A number of approaches have been developed to improve the performance and accuracy of typical key word searches. For example, U.S. Patent Number 5,845,278, issued to Kirsch, et. al, teaches approaches to establishing a quantitative basis for selecting client database sets (i.e. Internet documents or web sites) that include the use of comprehensive indexing strategies, ranking systems based on training queries, expert systems using rule.based deduction methodologies, and inference networks. These approaches were used to examine knowledge base descriptions of client document collections or databases.
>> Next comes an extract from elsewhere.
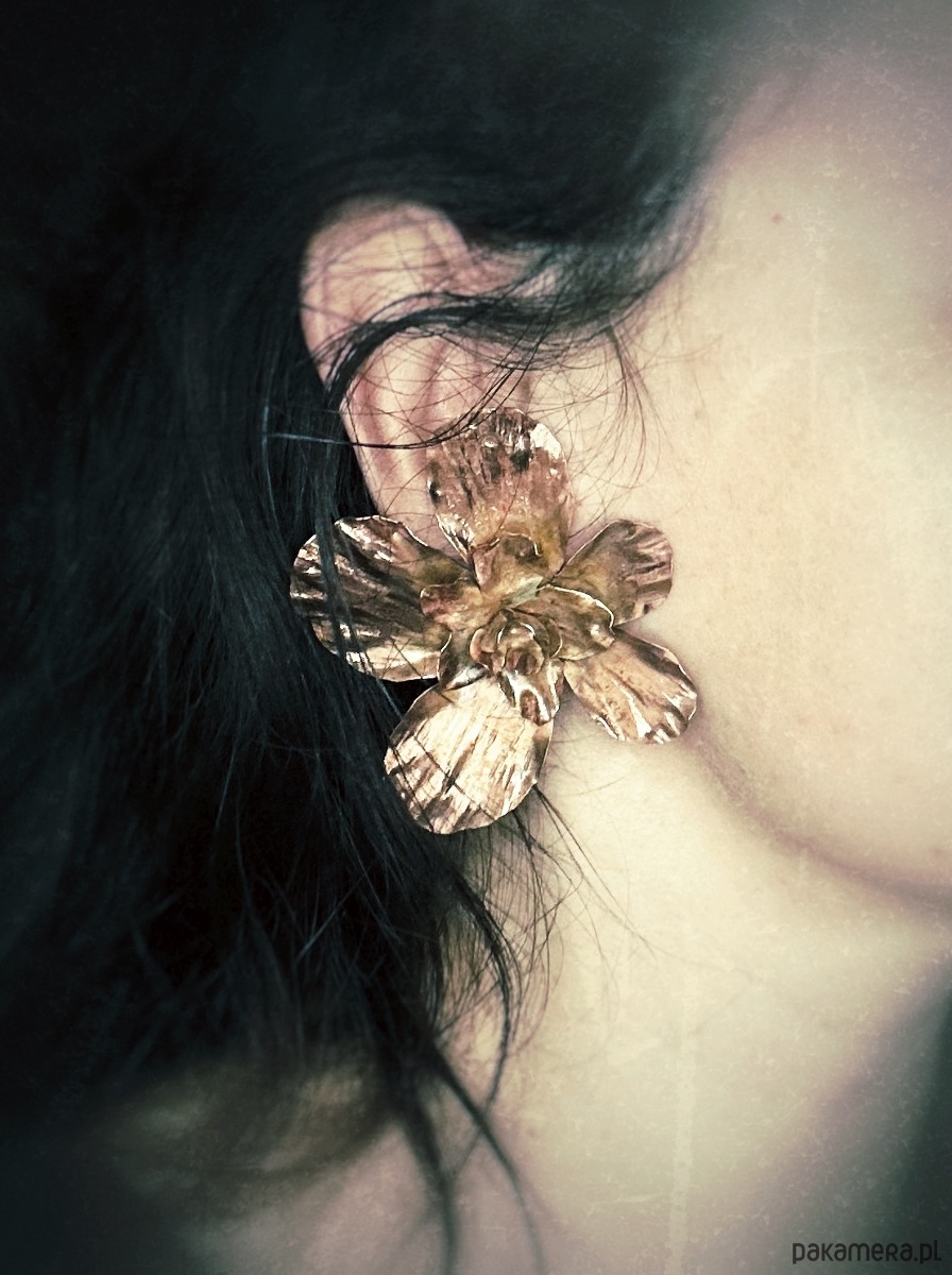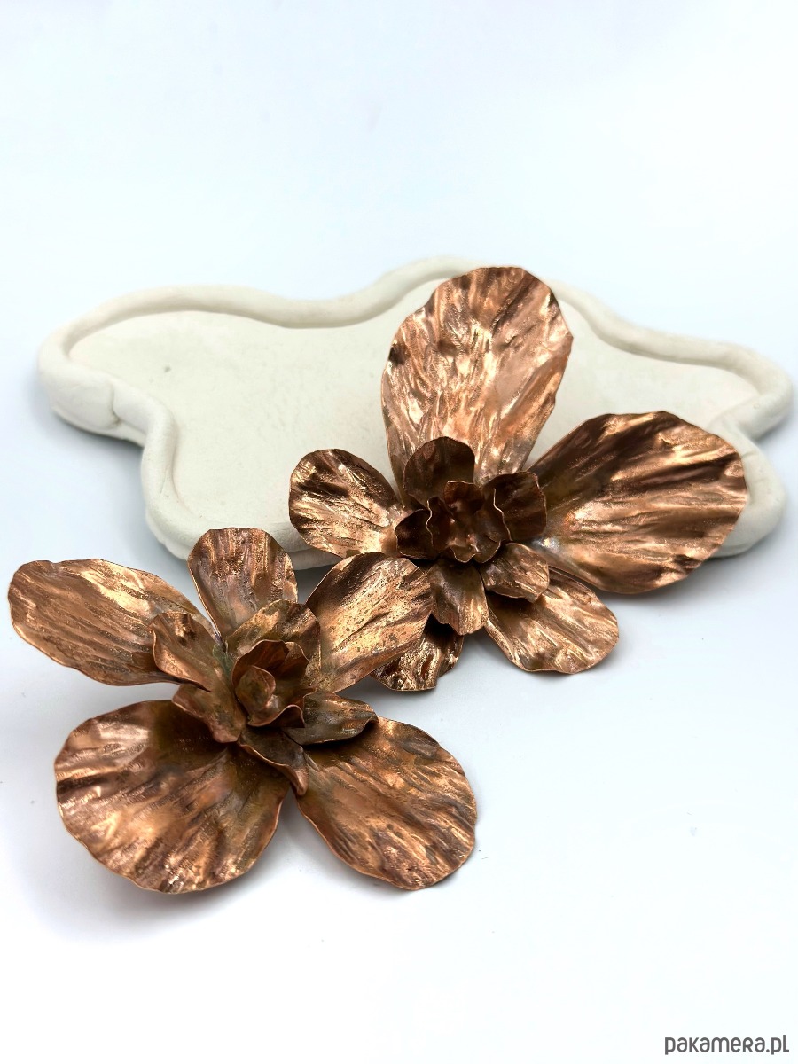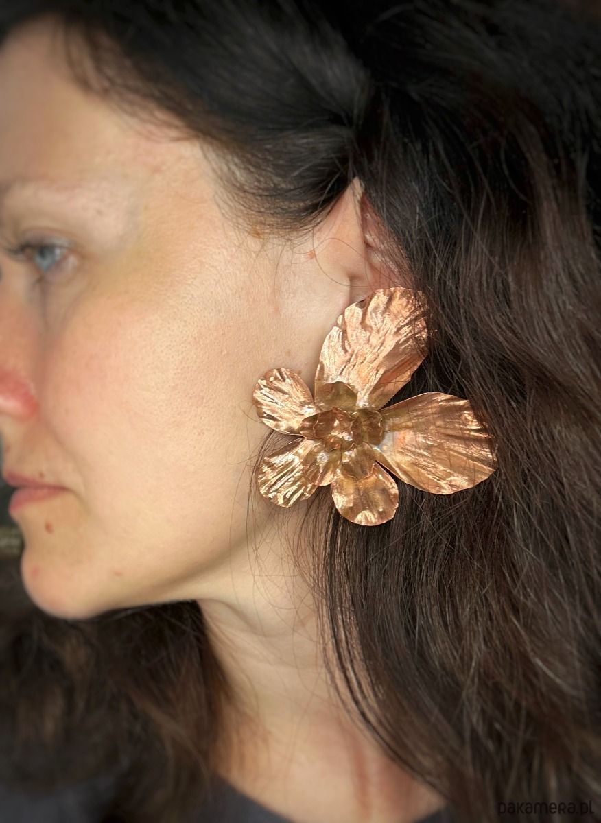 Ręcznie wykonane, rzeźbiarskie kolczyki z miedzi, które swoim kształtem przyciągają uwagę niczym małe dzieła sztuki. Każdy płatek został indywidualnie uformowany, młotkowany i wygładzany, dzięki czemu biżuteria zyskała organiczną, żywą strukturę. Delikatny połysk miedzi sprawia, że kolczyki subtelnie zmieniają się w świetle, podkreślając unikalność formy.

However, the key word searching approaches utilized by previously known search engines suffer from a number of significant disadvantages. Most search systems are viewed as often ineffective in identifying the likely most relevant documents. Accordingly, the users are often presented with overwhelming amounts of information in response to their key words. Thus, using proper key word searching techniques becomes an art in itself - an art that is outside the capabilities of most Internet users.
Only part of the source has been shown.